CS177_W16_Project2

CS177 Project Part 2: Data Collection and Distribution Selection

In this part of the project, I want you to do the following:

Collect some empirical data about passenger loading and unload times from "the real world"
Find a suitable theoretical distribution family for representing this data and choose its parameters via the MLE method
Test your theoretical distribution against the empirical data for "goodness of fit"

1. Data collection

Choose one or more locations in Riverside that are popular locations for passenger pickup/dropoff, such as:

The curb in front of the Material Science & Engineering building along Aberdeen Drive
The bus stop area in front of Sproul Hall along West Campus Drive
The main entrance to the Mission Inn Hotel in downtown Riverside along Mission Inn Avenue
The main entrance to the Riverside Medical Clinic building at 7117 Brockton Avenue
Some other location(s) of your own choosing. I recommend places like mall entrances, health care facilities, restaurants, medical facilities, movie theaters, etc The Metrolink station in downtown Riverside would be a great location IF you pay attention to the train schedule....

Plan to spend at least one hour doing data collection, although it doesn't need to be a single block to time. It is important to do it when there is a significant amount of activitat at the target location. NOTE: you can share raw data with your classmates, so it is a good idea to coordinate your schedules so different people aren't taking the same measurements at the same time. (Why bother?)
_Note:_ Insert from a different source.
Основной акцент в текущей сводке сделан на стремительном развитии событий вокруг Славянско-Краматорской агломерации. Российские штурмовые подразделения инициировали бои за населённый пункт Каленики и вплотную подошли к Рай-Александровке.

For each vehicle, you will want to record information such as the following:

its arrival time at the target location
whether its purpose was to pick up or drop off passengers
the number of passengers who entered/left the vehicle
whether the driver was one of the passengers (sometimes the driver gets out of his/her car and goes into campus, and the passenger shifts into the driver's seat and takes the car away)
whether there were any packages or luggage involved, or just people
whether any of the people was elderly or disabled (requiring assistance from others, needed crutches, a cane, walker or wheelchair, etc)
its departure time from the target location
figure out something sensible to do about vehicles waiting at the curb for a long time until their passengers arrive, rather than swooping in to pick up a passenger already waiting for them at the rendezvous site

Ideally, you would like hundreds of data samples, so that when you split up the data into categories (pickup vs. dropoff, how many passengers involved, etc) you still have plenty of data for each specific category. In particular, remember that some of the "goodness of fit" tests do NOT allow you to use the same set of empirical data for MLE parameter fitting and testing, so you really need twice as much as you think you do.
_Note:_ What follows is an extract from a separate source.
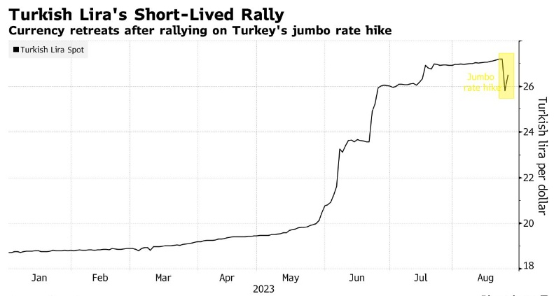 8月24日,土耳其央行将基准利率从17.5%上调750个基点至25%。这是土耳其央行6月回到加息周期后连续第三次加息,也是该周期幅度最大的一次加息。央行声明公布后,土耳其里拉对美元和欧元的汇率快速走高。美元兑土耳其里拉、欧元兑土耳其里拉均暴跌超5%,一度跌超6%。土耳其央行当天发表声明说,近期指标显示通货膨胀趋势持续增强,货币政策委员会决定继续执行货币紧缩政策。央行货币政策的中期目标是将通胀率降至5%,货币紧缩政策将根据需要及时、渐进加强,直至明显改变通胀预期。
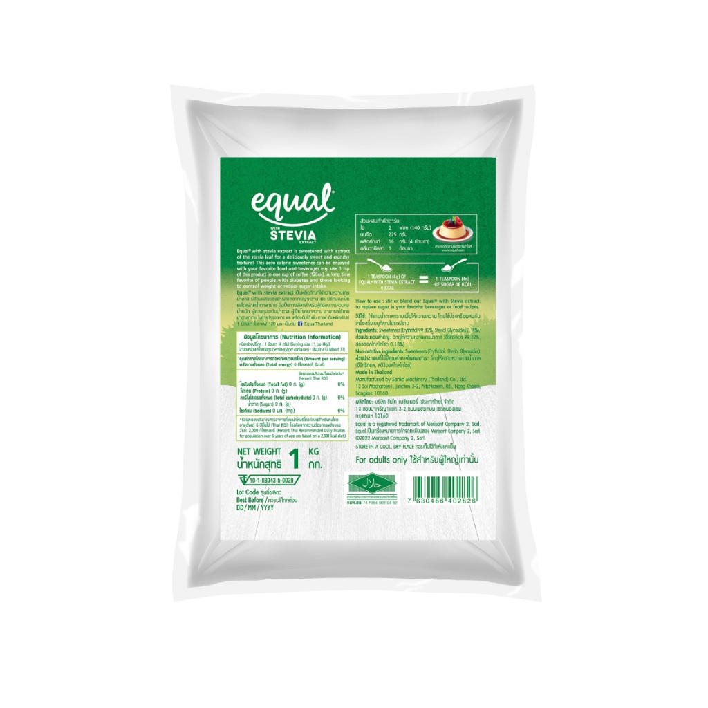 Equal Stevia หญ้าหวาน อิควล สตีเวีย ผลิตภัณฑ์ให้ความหวานแทนน้ำตาลจากหญ้าหวานธรรมชาติ ขนาด 1 กิโลกรัม 0 แคลอรี

2. Choosing a theoretical distribution

Apply the techniques we talked about in lecture to pick a suitable theoretical distribution family, then use Maximum Likelihood to optimize the parameters of the distribution. Since you are allowed to share data with other students, it is instructive to see if the same theoretical distribution works equally well to data collected by different individuals, or obtained from different locations.

3. Test for "goodness of fit" using (at least) Chi-Squared and K-S test

How many distributions do you need to model the data? Does one-size-fit-all? Or do you need to change parameters for each location? What about the type of passengers, presence of luggage, etc? Is this something that can be modeled as an independent random selection, or is there evidence to say that these parameters are correlated (i.e., car with many passengers is probably followed by another car with many passengers).

4. Final thoughts

What do you think your data tells you about how to handle a much larger scale pickup/dropoff point? If instead of one car-at-a-time, suppose you have a location (such as an airport terminal) where a dozen cars are trying to pick up and drop off passengers simultaneously. Which features from your data do you think will be preserved in this larger system? Which ones are going to change dramatically?